### Records from a collection
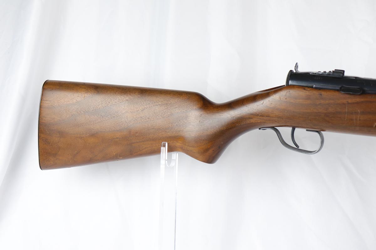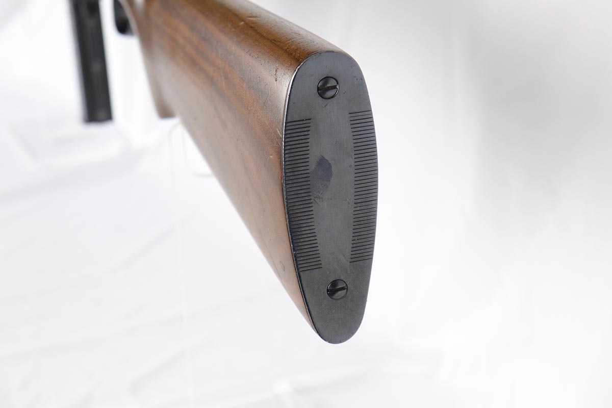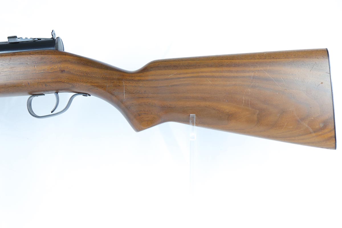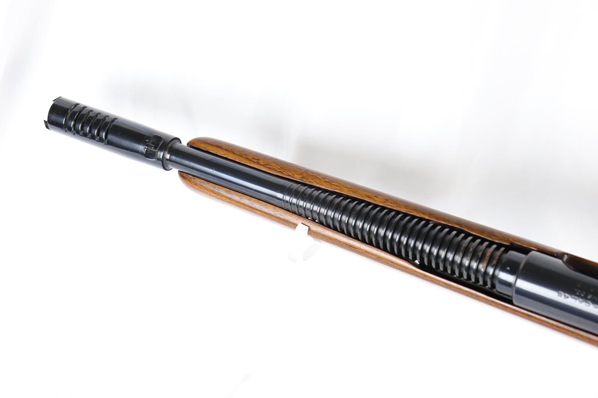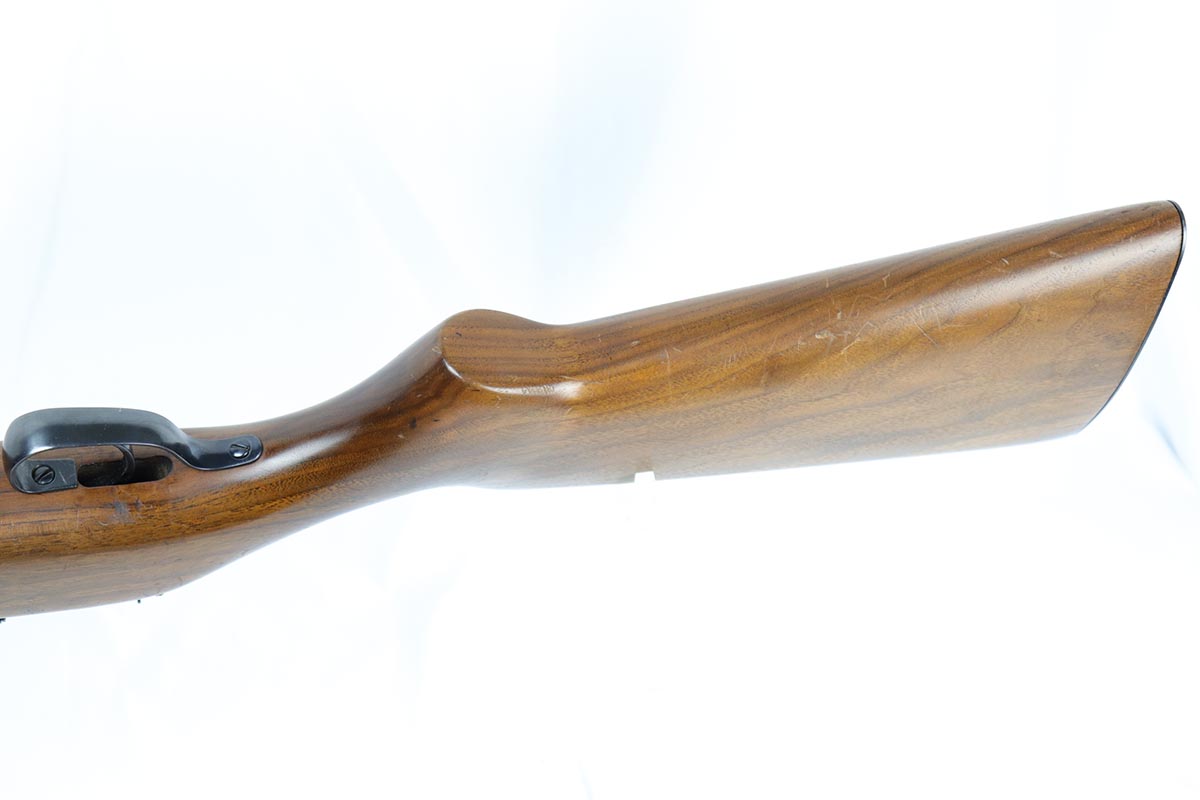 6/14/18 – This is a very attractive Reising M-50 with typical compensator and rear peep sight, and includes one original 25-rd mag and two reproduction 35-rd mags. The Reising M-50 was notably issued to Marines in the Pacific Theater during WWII as an alternative to the Thompson sub-machine gun which was in short supply. Although not well received by the Marines, these guns were also supplied to various police departments and utilized for decades after WWII. They have gained in popularity over the years with recreational shooting enthusiasts as a well made, relatively inexpensive entry level machine gun which utilizes readily available ammunition. This specimen with its excellent, high-glossy refinish and attractive wood likely was one of the police guns. Firing mechanism moves smoothly when operated by hand. This weapon is fully transferable on an ATF form 3 or form 4 as Curio & Relic eligible. Mechanics are fine. Bore is extremely fine, shiny and bright. No doubt this will bring many hours of enjoyment to a future owner.
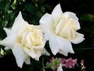 Floribunda / Cluster Flowered, Hybrid Tea / Large-Flowered. White or white blend. Strong fragrance. Large, full (26-40 petals) bloom form. Blooms in flushes throughout the season. USDA zone 7b through 10b. Height of 2' to 4' (60 to 120 cm). Width of 2' to 3' (60 to 90 cm). Harkness & Co. (1994).
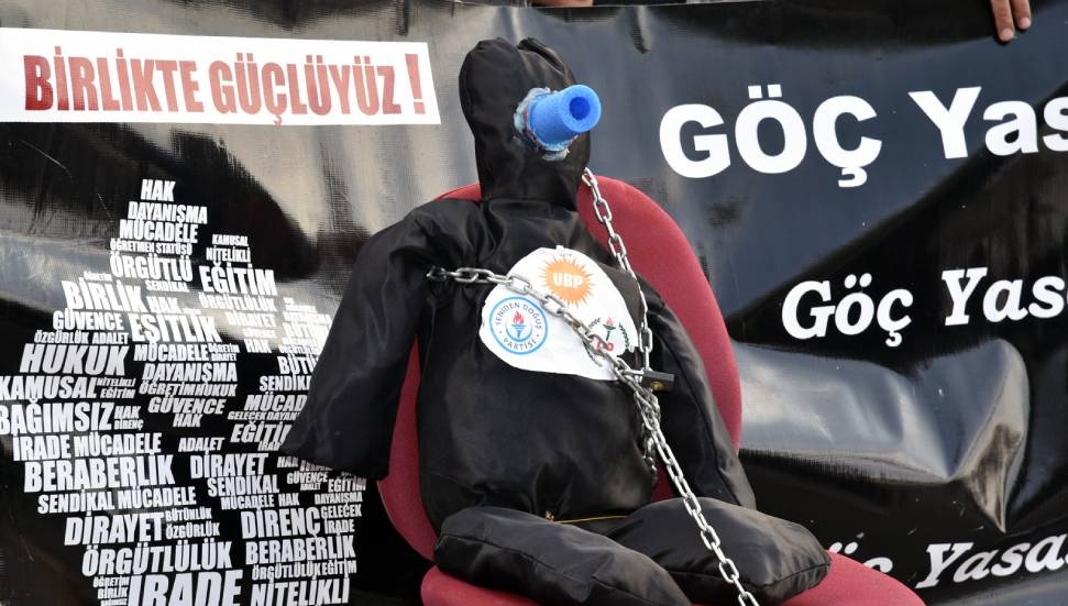 Eylemde, “Siz teslim oldunuz, biz teslim olmayacağız.”, “Göç Yasası’na dur de. Göç Yasası’nda buluşmak değil, Göç Yasası’ndan kurtulmak istiyoruz.”, “Öğretmenlere saldırı ve itibarsızlaştırma politikaları kabul edilemez.” pankartları açılırken; üzerinde “UBP, DP, YDP” logoları bulunan bir bebeğin zincirlendiği sandalye Başbakanlık bahçesine atıldı.
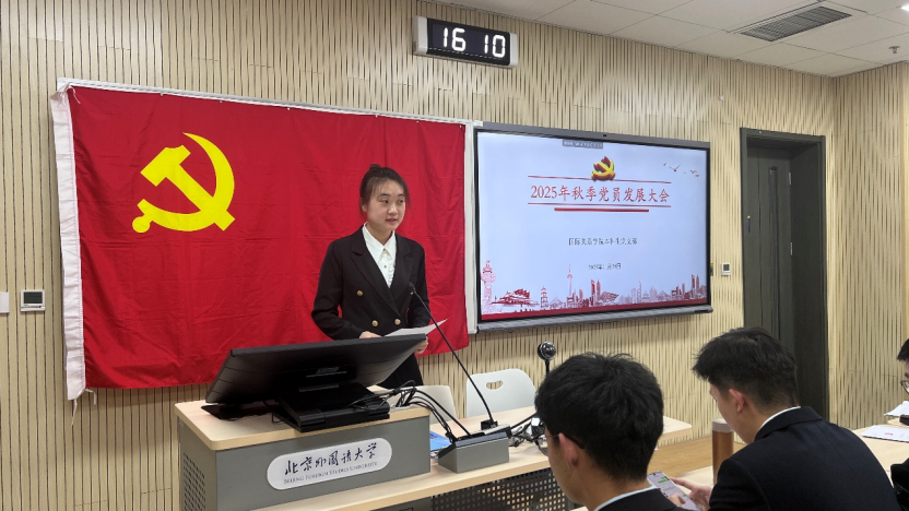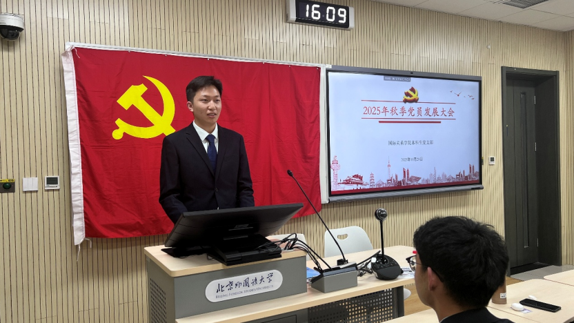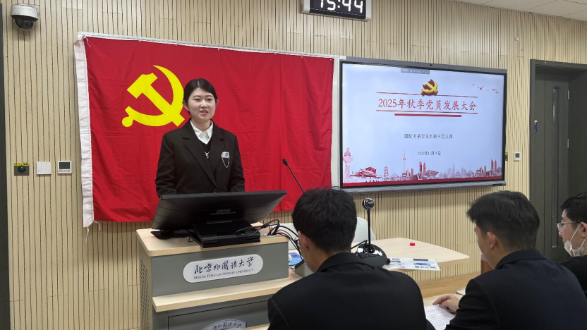 2025年11月28日下午,国际关系学院本科生党支部在国际大厦431教室召开2025年秋季党员发展大会。会议由本科生党支部书记张顾子煊主持,国际关系学院党总支副书记彭澍出席并讲话,支部全体党员、发展对象和部分积极分子参加大会。
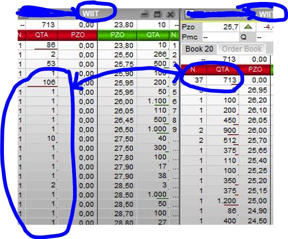 Cosa significa "subodorare la fregatura" ? Ebbene, guardate che modalità è stata utilizzata per ribaltare il book sfruttando la manipolazione dei software. Sono stati immessi al meglio 713 pezzi costituiti da ben 37 proposte di cui moltissime/quasi tutte solo da "1" pezzo....in altri termini si fa vedere al software che ci sono tantissimi in coda per comprare al meglio.
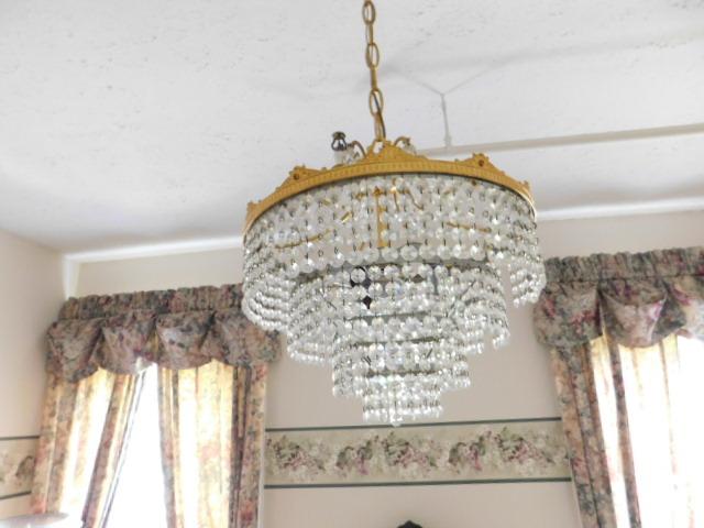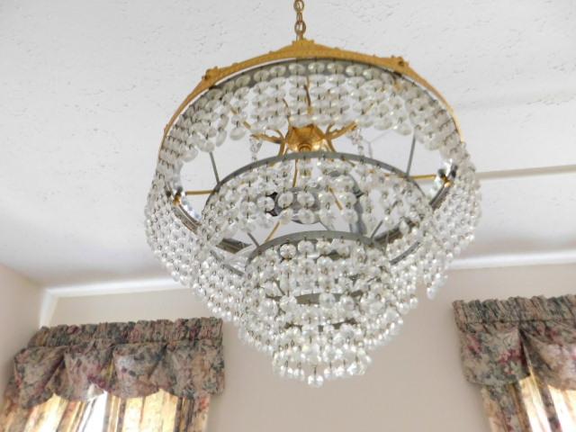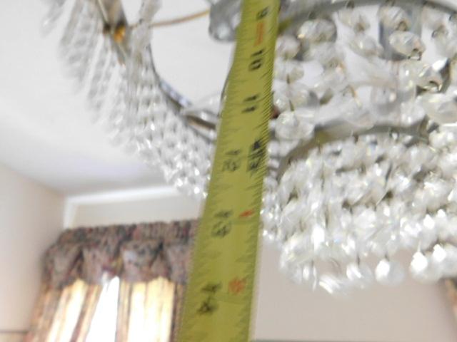 Vintage Victorian Cascading Crystal Prism Chandelier bring tools and ladder to remove from ceiling

### Task
Copy exactly the lines from the line that contains "Floribunda / Cluster" through the last line of the records above, both ends included, but leave out the pictures.

### Solution to this task
 Floribunda / Cluster Flowered, Hybrid Tea / Large-Flowered. White or white blend. Strong fragrance. Large, full (26-40 petals) bloom form. Blooms in flushes throughout the season. USDA zone 7b through 10b. Height of 2' to 4' (60 to 120 cm). Width of 2' to 3' (60 to 90 cm). Harkness & Co. (1994).
 Eylemde, “Siz teslim oldunuz, biz teslim olmayacağız.”, “Göç Yasası’na dur de. Göç Yasası’nda buluşmak değil, Göç Yasası’ndan kurtulmak istiyoruz.”, “Öğretmenlere saldırı ve itibarsızlaştırma politikaları kabul edilemez.” pankartları açılırken; üzerinde “UBP, DP, YDP” logoları bulunan bir bebeğin zincirlendiği sandalye Başbakanlık bahçesine atıldı.
 2025年11月28日下午,国际关系学院本科生党支部在国际大厦431教室召开2025年秋季党员发展大会。会议由本科生党支部书记张顾子煊主持,国际关系学院党总支副书记彭澍出席并讲话,支部全体党员、发展对象和部分积极分子参加大会。
 Cosa significa "subodorare la fregatura" ? Ebbene, guardate che modalità è stata utilizzata per ribaltare il book sfruttando la manipolazione dei software. Sono stati immessi al meglio 713 pezzi costituiti da ben 37 proposte di cui moltissime/quasi tutte solo da "1" pezzo....in altri termini si fa vedere al software che ci sono tantissimi in coda per comprare al meglio.
 Vintage Victorian Cascading Crystal Prism Chandelier bring tools and ladder to remove from ceiling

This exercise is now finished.